A diamond is one of the forms, variants or allotropes in which the chemical element carbon is presented. Specifically, diamonds are crystalline structures that form when, due to the enormous pressures and temperatures that occur in the interior of the planet, clusters of carbon atoms – on the order of many billions – are arranged and joined together forming a solidly packaged three-dimensional network that, subsequently, and due to geological processes, ends up reaching the earth’s crust – unless, of course, they are synthetic.

It is precisely it’s carbonic’ nature that justifies that most are transparent or translucent. Without going into big considerations, the electronic distribution of the carbon atom causes this crystalline structure to absorb nothing of the visible radiation – a more exhaustive explanation would require referring to band theory.

So perfect diamonds, or ideals, are transparent. The existence of some colored diamonds serves three factors:

The presence of impurities is traces or minimum amounts of other elements with characteristics similar to carbon and that replace a part of the atoms of this in the crystalline network. Structural defects or alterations caused during the diamond formation process. By natural irradiation from radioactive minerals at the site of diamond formation any of these factors cause a local alteration of the electronic distribution that leads to the absorption of a certain strip or region of the visible spectrum, subtracting it from white light and, therefore, it makes these diamonds present one color or another.

In the case of yellow diamonds, the most abundant within the colored ones, they appear due to the presence of nitrogen impurities. That is when a quantity – very small, but significant – of nitrogen atoms take the place of carbon in the crystalline structure.

While in blue diamond’s boron is the element that replaces carbon.

Green diamonds originate from the natural irradiation of neighboring rocks. Upon reaching the diamond, the radiation emitted by the rocks modifies the electronic distribution, giving rise to this tonality that, in addition, is usually concentrated in the outer layers of the stone, since the radiation is attenuated as it penetrates into it.

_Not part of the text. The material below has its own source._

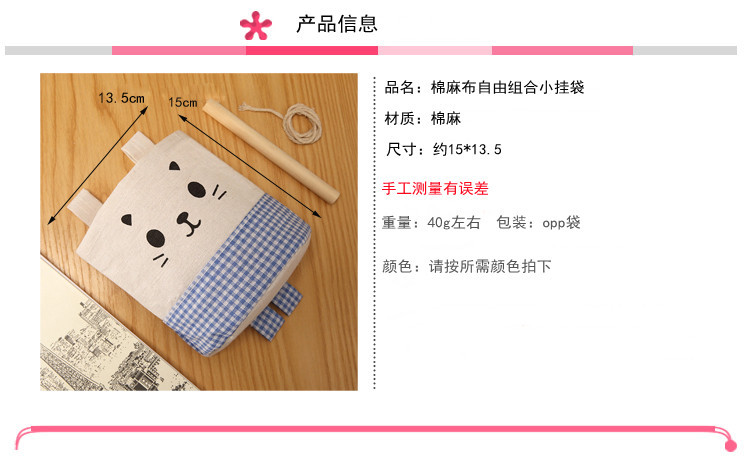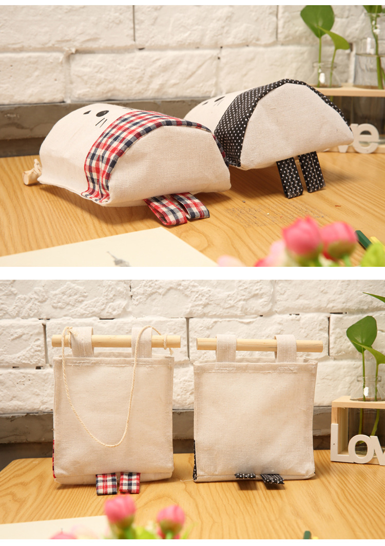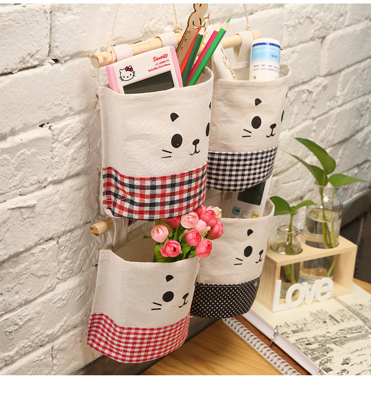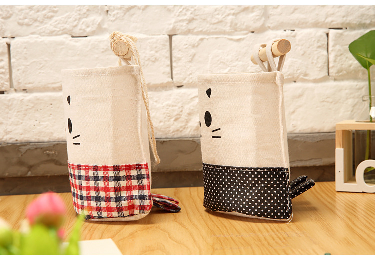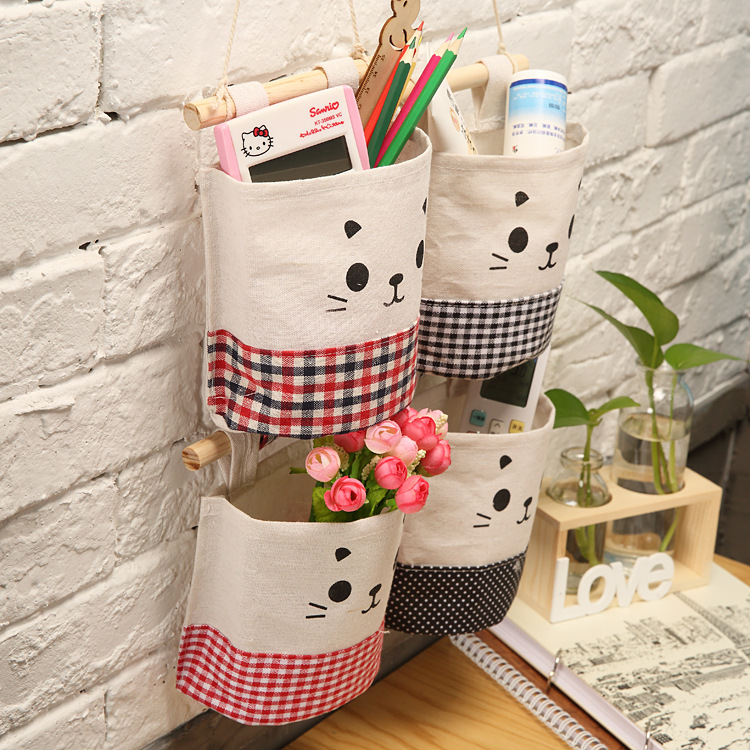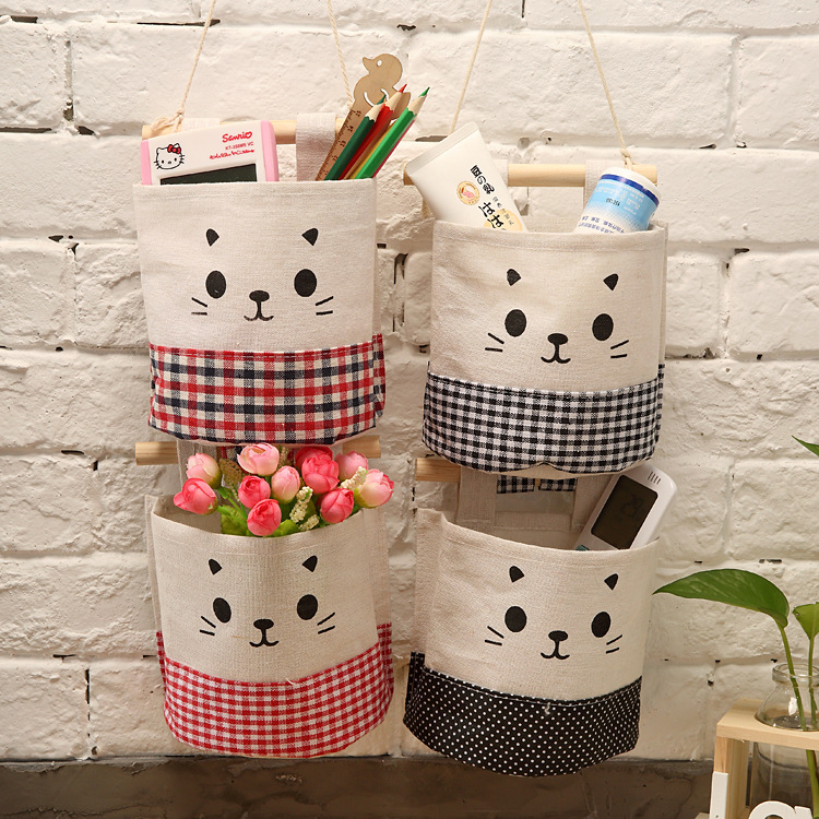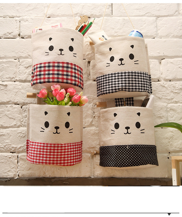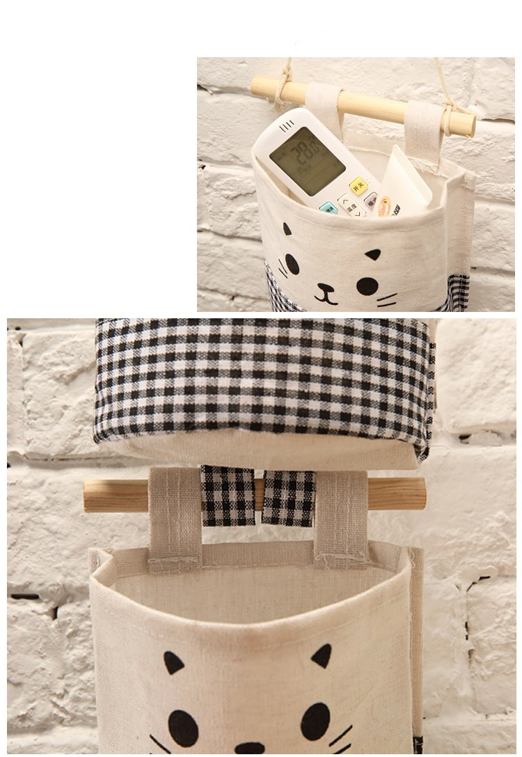 纯棉帆布卡通可爱猫咪布艺墙挂式收纳袋袋简约门后收纳挂袋单个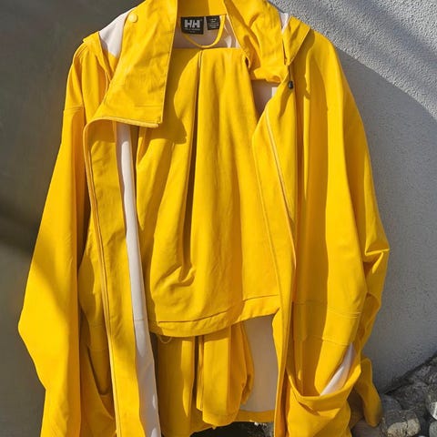 Selger en kul gul regnjakke med hette. Jakken har flere praktiske lommer og knappelukking i front. Perfekt til regnværsdager, festival, tur eller hverdagsbruk.

Of course, it is not about pure colors. Depending on whether there are more or fewer impurities; if the altered or defective areas are more or less abundant and more or less extensive; or if the irradiation is more or less powerful, the tone and intensity of the color of the diamond are affected. And, in the same way, it may be the case that two of these factors converge on the same diamond: for example, impurities of an element and structural defects. This is, in fact, what happens in violet and purple diamonds, which get their color by the combination of structural defects -rose- and the presence of boron -blue-. The sum of both colors produces a definitive violet tone.

And some of that also occurs in the much less priced gray or black diamonds, which are caused by the presence of graphite inclusions, which is another of the allotropic forms of carbon. That is to say, ‘grains’ where carbon has been grouped not as a three-dimensional network, but as sheets or layers. As can be understood as inclusions of “defective structures” and as everyone has in mind, graphite, unlike diamond, does have color, gray. Depending on the number of inclusions of this nature, the diamond can turn from gray to black.